The global Phase II study is being conducted in the U.S., Europe and Israel. Patients with advanced HCC, Child Pugh B, are treated twice daily with 25 mg of oral Namodenoson, the dose found to be the most efficacious in Can-Fite’s earlier Phase I/II study. The primary endpoint of the Phase II study is Overall Survival (OS). Secondary endpoints include Progression Free Survival (PFS), safety, and the relationship between outcomes and A3AR expression. As is standard in this indication, the primary endpoint of OS requires following the entire patient population until the statistically predetermined number of events occur. Can-Fite is following the survival data closely and will perform the survival analysis at the earliest possible opportunity.

Can-Fite’s prior Phase I/II study of Namodenoson in this indication successfully achieved its primary and secondary endpoints, with a good safety profile. Most of the patients enrolled in the Phase I/II study had failed prior treatment with Nexavar (sorafenib), the only drug currently approved for this indication.

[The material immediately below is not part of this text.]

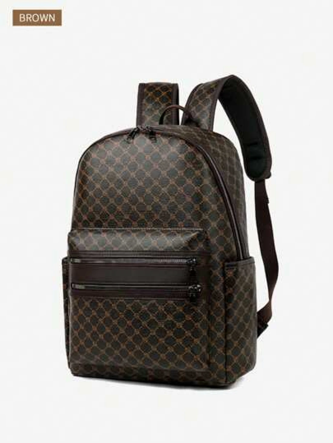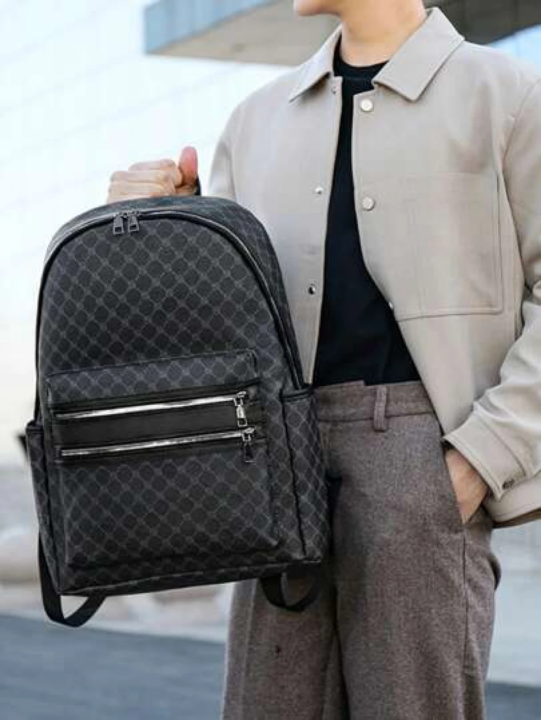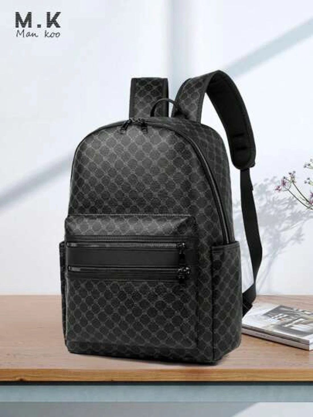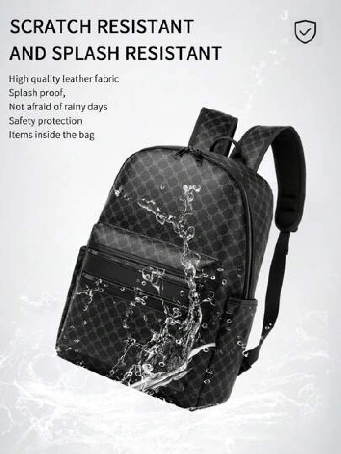 Large Capacity Printed Retro Backpack Unisex Fashion PU Leather Business Laptop College School Bag

Data also showed thatNamodenoson has a liver protective effect that is very unique compared to Nexavar and other drugs under development for HCC which have shown to induce hepato-toxicity.

According to Datamonitor, the market for hepatocellular carcinoma drugs is projected to reach $1.4 billion in 2019. Nexavar annual sales, as reported by Bayer, were €870 million in 2016.

About Namodenoson

Namodenoson is a small orally bioavailable drug that binds with high affinity and selectivity to the A3 adenosine receptor (A3AR). Namodenoson is being evaluated in Phase II trials for two indications, as a second line treatment for hepatocellular carcinoma, and as a treatment for non-alcoholic fatty liver disease (NAFLD) and non-alcoholic steatohepatitis (NASH). A3AR is highly expressed in diseased cells whereas low expression is found in normal cells. This differential effect accounts for the excellent safety profile of the drug. Can-Fite has received Orphan Drug Designation for Namodenoson in Europe and the U.S., as well as Fast Track Status in the U.S. as a second line treatment for hepatocellular carcinoma.